* [YOUR INSTRUCTIONS]:
In the entries below, find the line with "Ružová kvetovaná šušťáková" and the line with "A glowing white". Repeat exactly everything between them, those two lines included, but not the pictures.

* [WORKING DATA]:
»»
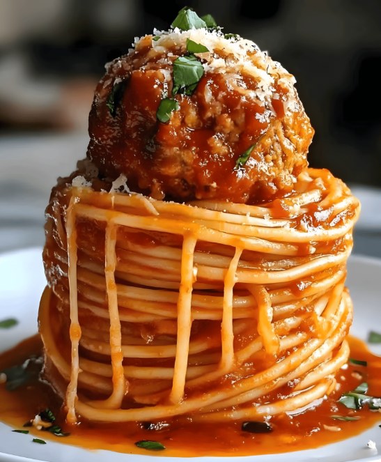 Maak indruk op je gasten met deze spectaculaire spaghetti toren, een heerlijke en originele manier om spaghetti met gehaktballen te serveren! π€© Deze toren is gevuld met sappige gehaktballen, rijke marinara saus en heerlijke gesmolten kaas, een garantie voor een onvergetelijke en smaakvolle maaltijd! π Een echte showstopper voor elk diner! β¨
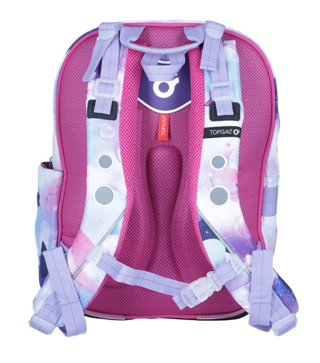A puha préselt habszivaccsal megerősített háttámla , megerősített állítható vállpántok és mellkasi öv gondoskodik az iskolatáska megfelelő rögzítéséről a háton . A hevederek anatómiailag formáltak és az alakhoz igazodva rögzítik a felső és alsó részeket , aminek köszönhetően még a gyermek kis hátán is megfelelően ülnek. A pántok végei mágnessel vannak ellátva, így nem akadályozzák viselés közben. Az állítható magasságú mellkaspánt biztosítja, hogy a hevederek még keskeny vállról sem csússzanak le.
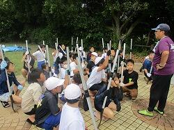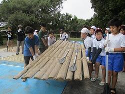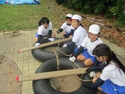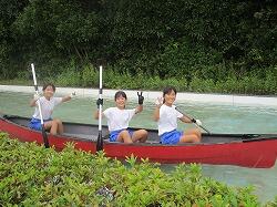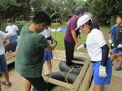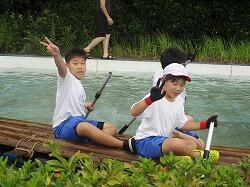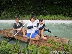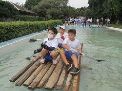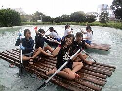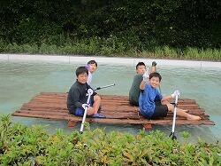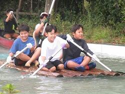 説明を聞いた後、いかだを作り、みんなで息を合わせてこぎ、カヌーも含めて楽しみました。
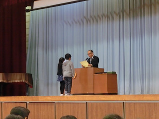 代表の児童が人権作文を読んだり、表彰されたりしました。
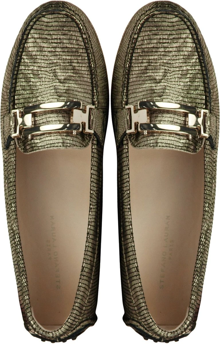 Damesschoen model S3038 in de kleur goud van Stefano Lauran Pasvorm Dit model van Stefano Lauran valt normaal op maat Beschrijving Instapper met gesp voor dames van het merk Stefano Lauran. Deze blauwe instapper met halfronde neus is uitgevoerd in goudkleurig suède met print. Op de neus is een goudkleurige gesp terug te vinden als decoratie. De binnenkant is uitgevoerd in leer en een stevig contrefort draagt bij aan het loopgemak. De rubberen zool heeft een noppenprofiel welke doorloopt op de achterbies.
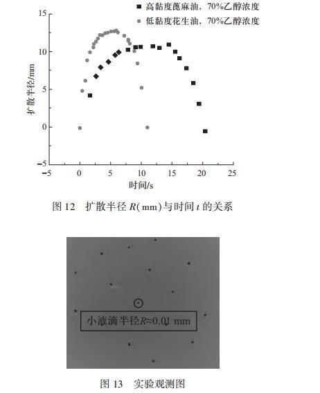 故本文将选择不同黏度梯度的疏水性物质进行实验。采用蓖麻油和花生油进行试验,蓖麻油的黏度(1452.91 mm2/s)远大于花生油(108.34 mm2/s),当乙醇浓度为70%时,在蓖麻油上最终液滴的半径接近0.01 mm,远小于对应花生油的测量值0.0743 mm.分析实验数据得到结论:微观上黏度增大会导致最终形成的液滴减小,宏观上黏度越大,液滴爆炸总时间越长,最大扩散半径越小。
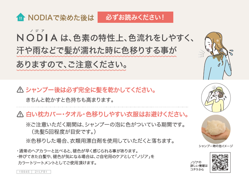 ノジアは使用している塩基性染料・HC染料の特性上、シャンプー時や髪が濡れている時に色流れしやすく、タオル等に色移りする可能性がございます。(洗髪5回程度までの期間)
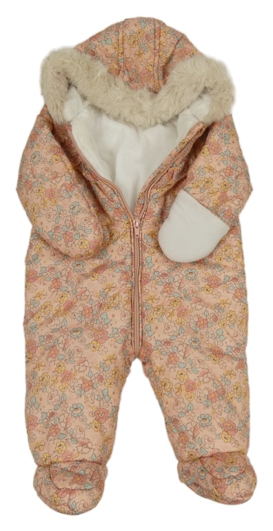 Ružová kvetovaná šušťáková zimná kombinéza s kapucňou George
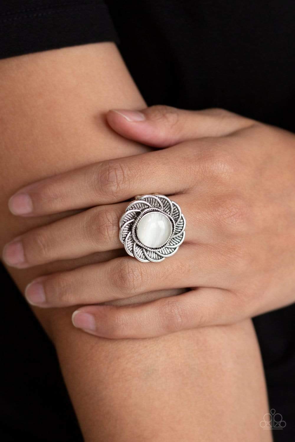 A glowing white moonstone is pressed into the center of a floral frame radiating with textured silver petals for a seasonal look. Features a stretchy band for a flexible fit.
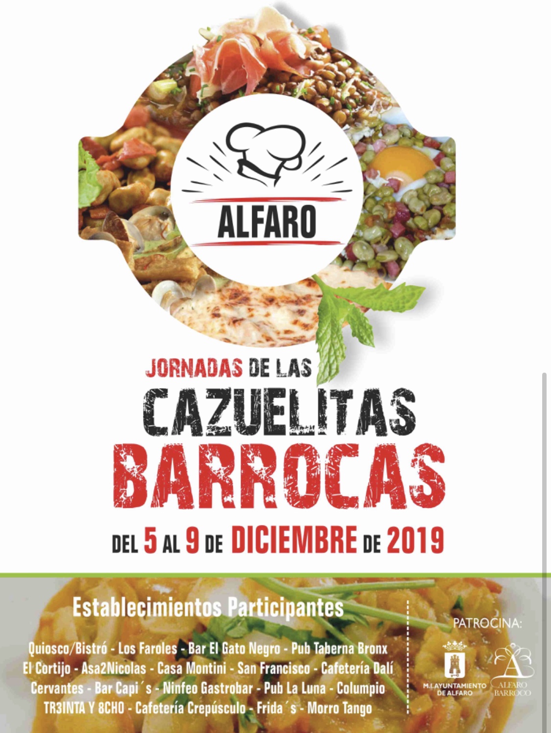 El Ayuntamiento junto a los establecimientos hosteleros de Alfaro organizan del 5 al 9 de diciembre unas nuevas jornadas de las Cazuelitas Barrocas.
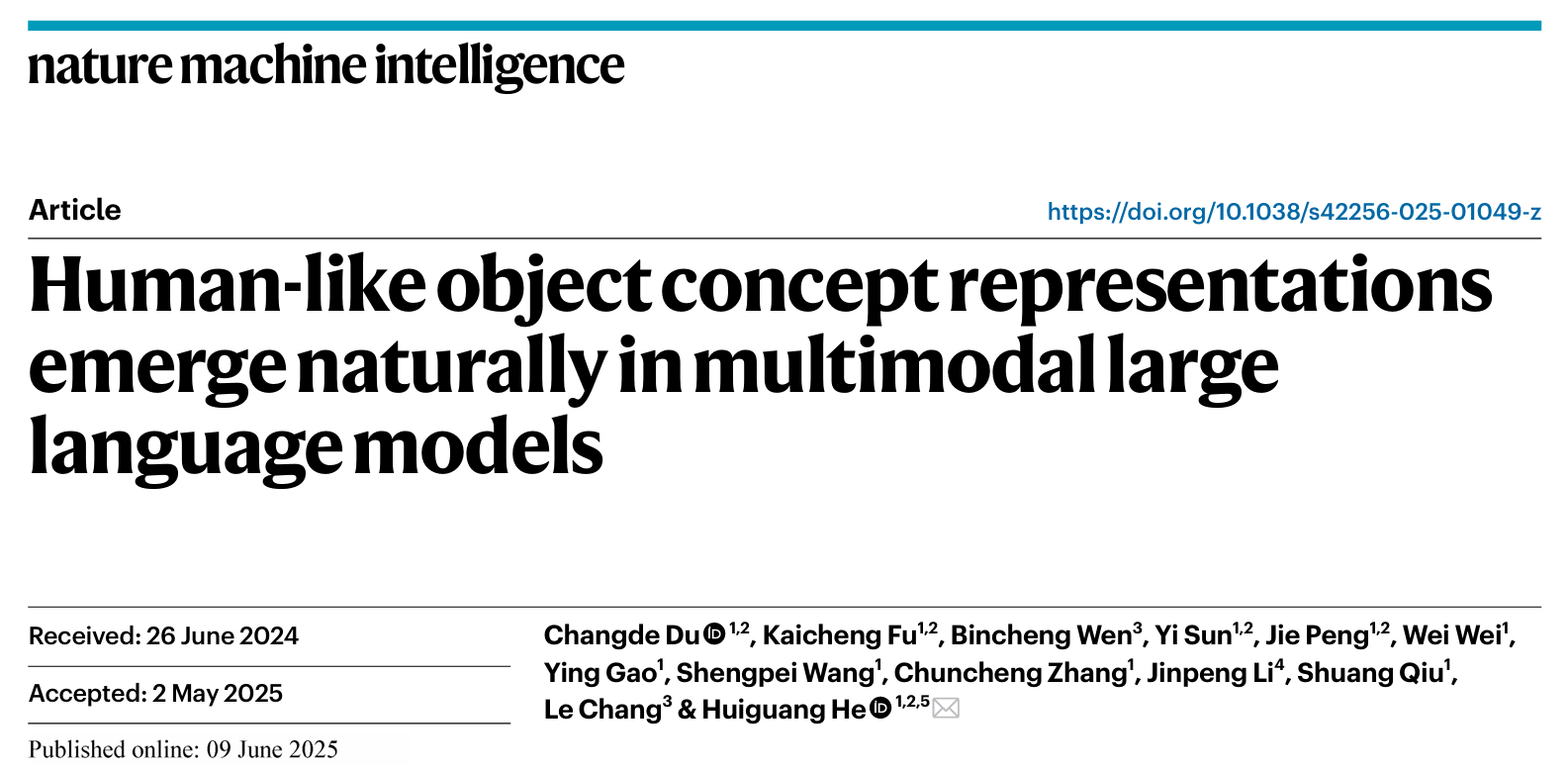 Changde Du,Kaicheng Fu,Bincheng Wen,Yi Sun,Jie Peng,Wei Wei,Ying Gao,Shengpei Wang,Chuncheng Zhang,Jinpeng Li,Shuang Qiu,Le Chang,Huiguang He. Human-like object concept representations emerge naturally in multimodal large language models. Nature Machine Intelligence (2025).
««
* [RESULT FOR THIS TASK]:
 Ružová kvetovaná šušťáková zimná kombinéza s kapucňou George
 A glowing white moonstone is pressed into the center of a floral frame radiating with textured silver petals for a seasonal look. Features a stretchy band for a flexible fit.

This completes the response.